** Supplied data follows **

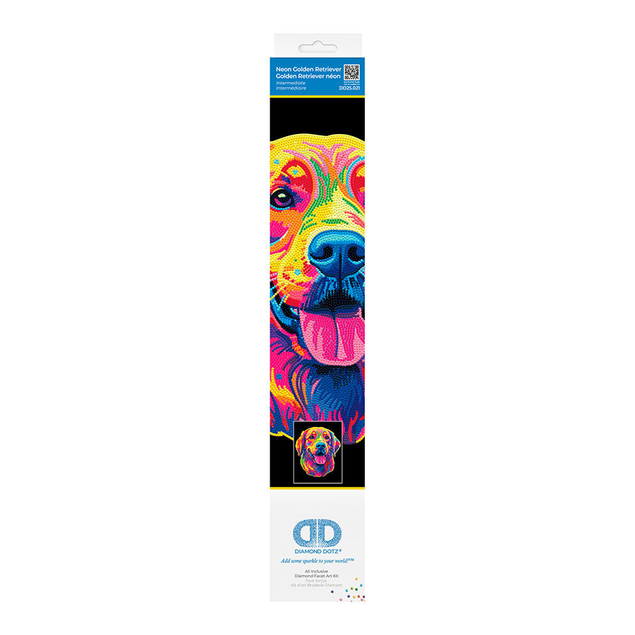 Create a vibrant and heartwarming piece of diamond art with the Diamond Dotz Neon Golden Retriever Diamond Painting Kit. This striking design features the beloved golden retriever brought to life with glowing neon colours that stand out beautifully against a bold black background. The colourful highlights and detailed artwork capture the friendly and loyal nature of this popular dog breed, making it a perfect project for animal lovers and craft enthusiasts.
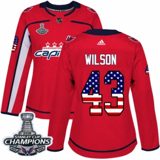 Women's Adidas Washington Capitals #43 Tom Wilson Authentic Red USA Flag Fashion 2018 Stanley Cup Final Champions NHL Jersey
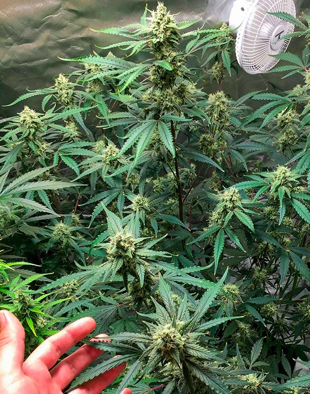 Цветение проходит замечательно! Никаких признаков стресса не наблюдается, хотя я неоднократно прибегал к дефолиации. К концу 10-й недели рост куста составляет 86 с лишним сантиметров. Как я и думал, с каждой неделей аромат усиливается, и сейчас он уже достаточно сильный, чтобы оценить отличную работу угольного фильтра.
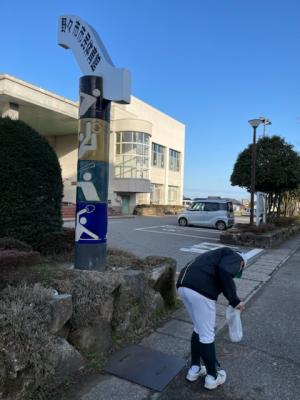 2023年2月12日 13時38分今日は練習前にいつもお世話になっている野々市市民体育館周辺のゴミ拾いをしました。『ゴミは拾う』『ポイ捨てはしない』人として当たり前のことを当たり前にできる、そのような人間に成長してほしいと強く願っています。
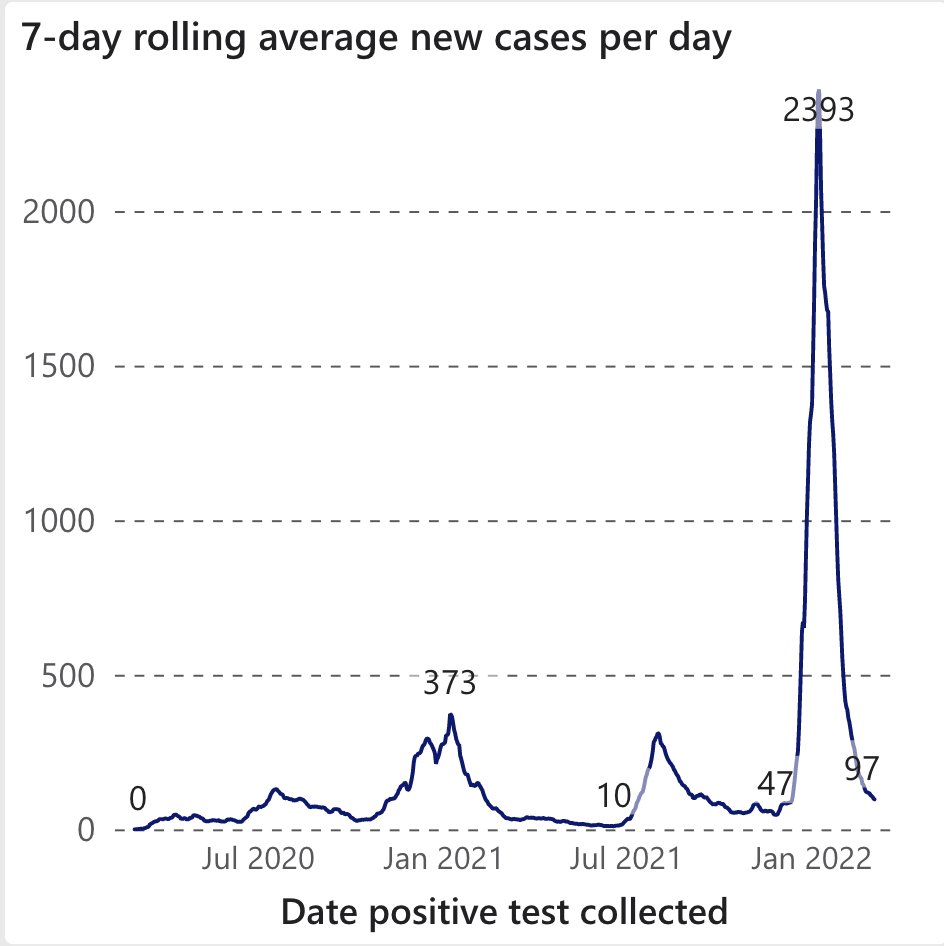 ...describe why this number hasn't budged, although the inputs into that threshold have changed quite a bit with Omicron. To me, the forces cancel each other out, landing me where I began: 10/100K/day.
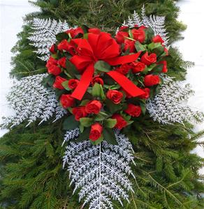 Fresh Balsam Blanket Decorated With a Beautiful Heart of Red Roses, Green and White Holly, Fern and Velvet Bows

** End of Supplied data **
** Supplied data follows **

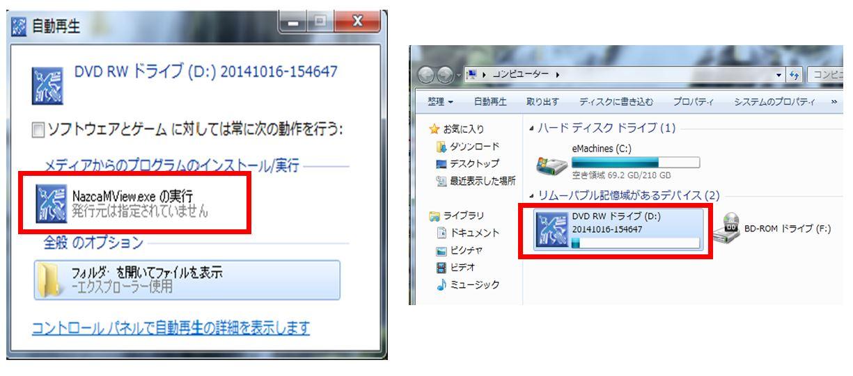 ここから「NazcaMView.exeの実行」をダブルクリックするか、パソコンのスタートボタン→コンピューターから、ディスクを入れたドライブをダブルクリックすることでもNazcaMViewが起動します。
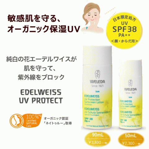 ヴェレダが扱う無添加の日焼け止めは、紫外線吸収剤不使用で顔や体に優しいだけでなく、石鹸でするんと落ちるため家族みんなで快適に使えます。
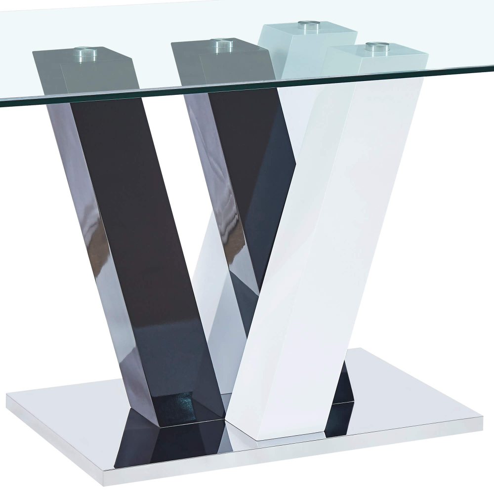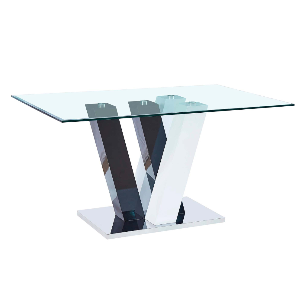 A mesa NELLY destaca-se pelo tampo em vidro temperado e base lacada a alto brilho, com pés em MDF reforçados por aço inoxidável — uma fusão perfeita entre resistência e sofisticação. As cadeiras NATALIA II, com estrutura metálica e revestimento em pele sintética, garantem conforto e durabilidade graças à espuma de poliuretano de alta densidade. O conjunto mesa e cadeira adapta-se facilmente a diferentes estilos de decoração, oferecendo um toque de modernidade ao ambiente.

** End of Supplied data **
** Supplied data follows **

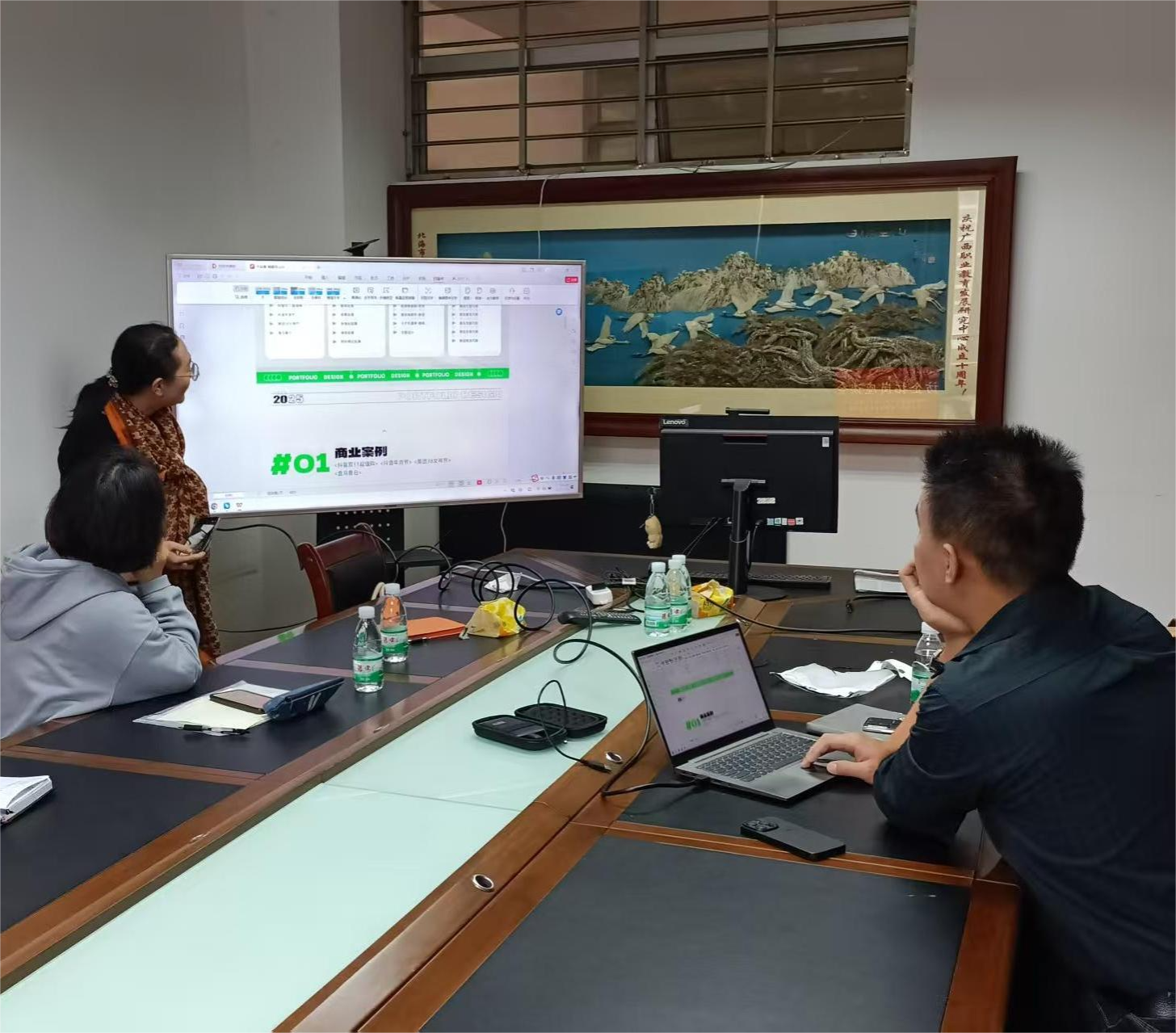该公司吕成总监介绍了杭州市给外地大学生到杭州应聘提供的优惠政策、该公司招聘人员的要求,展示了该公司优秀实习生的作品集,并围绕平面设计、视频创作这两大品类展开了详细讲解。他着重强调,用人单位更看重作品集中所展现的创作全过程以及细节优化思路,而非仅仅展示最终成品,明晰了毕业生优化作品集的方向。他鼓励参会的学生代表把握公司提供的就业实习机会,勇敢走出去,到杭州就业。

** End of Supplied data **

[Try it]
With the pictures omitted, restate word for word the lines above from the line that has "Create a vibrant" up to and including the line that has "2023年2月12日 13時", and no other lines.

[Answer below]
 Create a vibrant and heartwarming piece of diamond art with the Diamond Dotz Neon Golden Retriever Diamond Painting Kit. This striking design features the beloved golden retriever brought to life with glowing neon colours that stand out beautifully against a bold black background. The colourful highlights and detailed artwork capture the friendly and loyal nature of this popular dog breed, making it a perfect project for animal lovers and craft enthusiasts.
 Women's Adidas Washington Capitals #43 Tom Wilson Authentic Red USA Flag Fashion 2018 Stanley Cup Final Champions NHL Jersey
 Цветение проходит замечательно! Никаких признаков стресса не наблюдается, хотя я неоднократно прибегал к дефолиации. К концу 10-й недели рост куста составляет 86 с лишним сантиметров. Как я и думал, с каждой неделей аромат усиливается, и сейчас он уже достаточно сильный, чтобы оценить отличную работу угольного фильтра.
 2023年2月12日 13時38分今日は練習前にいつもお世話になっている野々市市民体育館周辺のゴミ拾いをしました。『ゴミは拾う』『ポイ捨てはしない』人として当たり前のことを当たり前にできる、そのような人間に成長してほしいと強く願っています。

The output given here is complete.